**ASSIGNMENT:**
Below are records with pictures in them. Output exactly the lines from the one with "小学部の献立は「麦ご飯、さつま汁、高菜の油炒め」でした。" through the one with "Mit Bortezomib behandelte", both included, and leave every picture out; give only those lines.

**GIVEN RECORDS:**
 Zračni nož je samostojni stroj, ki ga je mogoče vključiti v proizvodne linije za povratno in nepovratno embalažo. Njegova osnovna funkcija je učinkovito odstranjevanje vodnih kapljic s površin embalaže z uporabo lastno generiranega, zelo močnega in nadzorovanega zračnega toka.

--

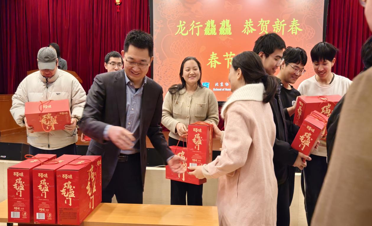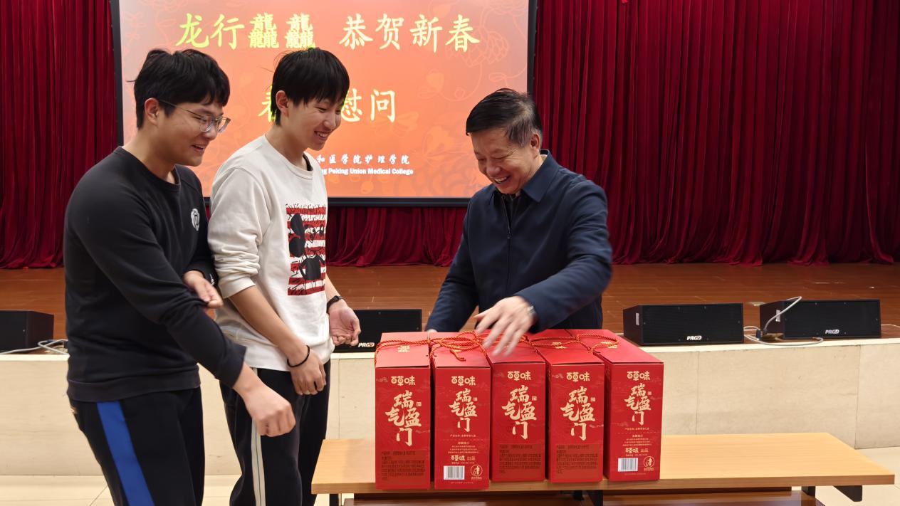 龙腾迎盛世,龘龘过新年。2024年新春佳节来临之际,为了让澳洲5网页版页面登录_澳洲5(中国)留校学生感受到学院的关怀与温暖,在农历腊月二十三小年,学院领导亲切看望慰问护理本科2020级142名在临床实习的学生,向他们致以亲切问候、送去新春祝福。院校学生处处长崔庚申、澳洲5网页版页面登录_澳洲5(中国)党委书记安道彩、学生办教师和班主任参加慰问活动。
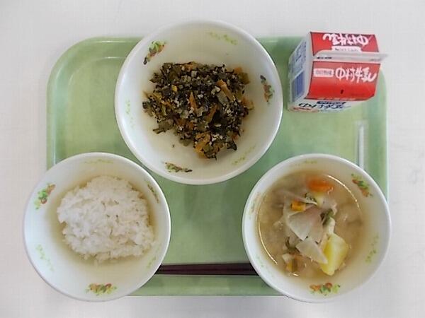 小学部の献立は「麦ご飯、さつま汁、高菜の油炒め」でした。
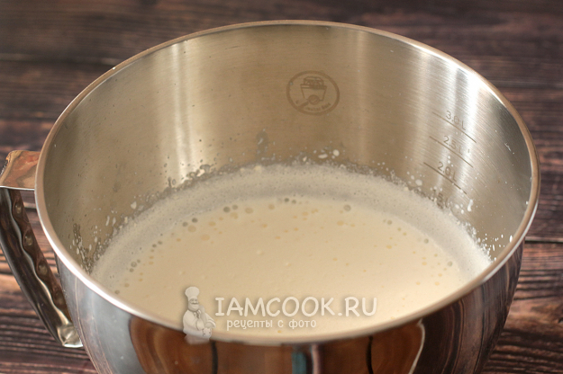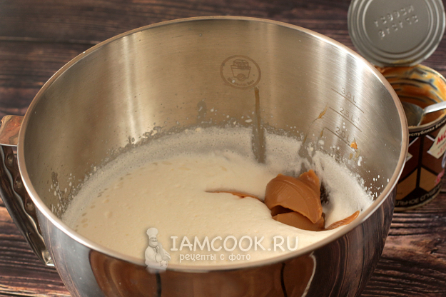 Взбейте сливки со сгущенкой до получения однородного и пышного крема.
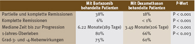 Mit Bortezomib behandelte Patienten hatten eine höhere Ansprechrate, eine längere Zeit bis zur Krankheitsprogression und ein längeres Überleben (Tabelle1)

---

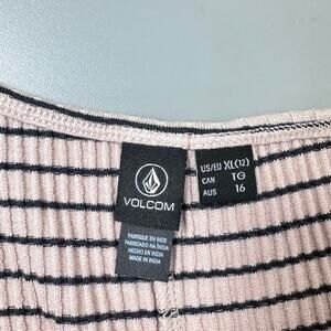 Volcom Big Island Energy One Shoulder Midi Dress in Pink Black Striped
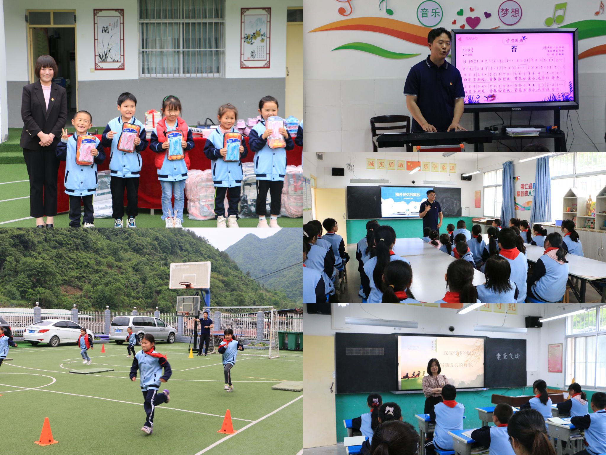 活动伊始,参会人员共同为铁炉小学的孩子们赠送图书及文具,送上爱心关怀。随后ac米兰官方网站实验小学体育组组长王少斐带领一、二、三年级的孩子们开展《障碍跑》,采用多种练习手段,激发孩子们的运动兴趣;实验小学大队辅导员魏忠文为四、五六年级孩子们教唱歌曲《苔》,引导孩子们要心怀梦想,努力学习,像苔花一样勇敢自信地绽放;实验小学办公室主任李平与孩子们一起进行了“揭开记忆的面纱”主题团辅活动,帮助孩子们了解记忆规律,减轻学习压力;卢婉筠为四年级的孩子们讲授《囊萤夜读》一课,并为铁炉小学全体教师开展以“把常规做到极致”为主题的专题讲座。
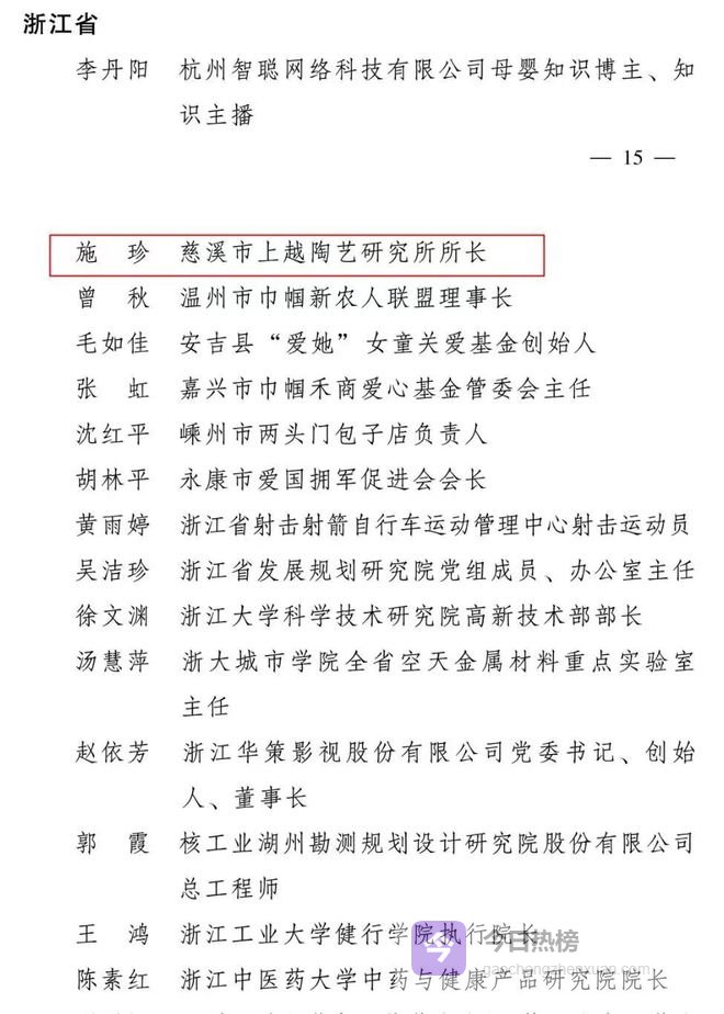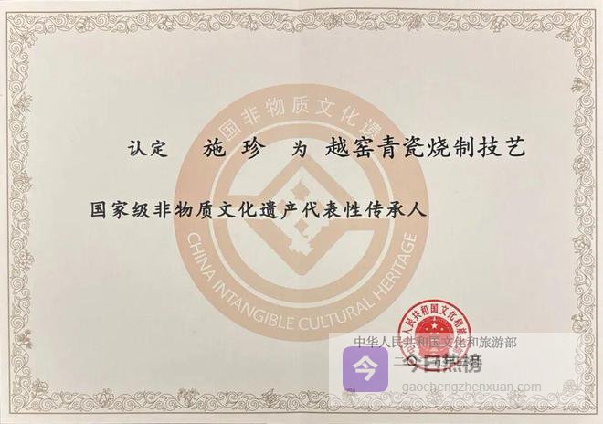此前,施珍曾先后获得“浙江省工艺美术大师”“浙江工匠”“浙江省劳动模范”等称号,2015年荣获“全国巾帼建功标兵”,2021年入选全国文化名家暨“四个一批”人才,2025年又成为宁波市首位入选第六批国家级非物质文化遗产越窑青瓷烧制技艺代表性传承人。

**TASK ANSWER:**
 小学部の献立は「麦ご飯、さつま汁、高菜の油炒め」でした。
 Взбейте сливки со сгущенкой до получения однородного и пышного крема.
 Mit Bortezomib behandelte Patienten hatten eine höhere Ansprechrate, eine längere Zeit bis zur Krankheitsprogression und ein längeres Überleben (Tabelle1)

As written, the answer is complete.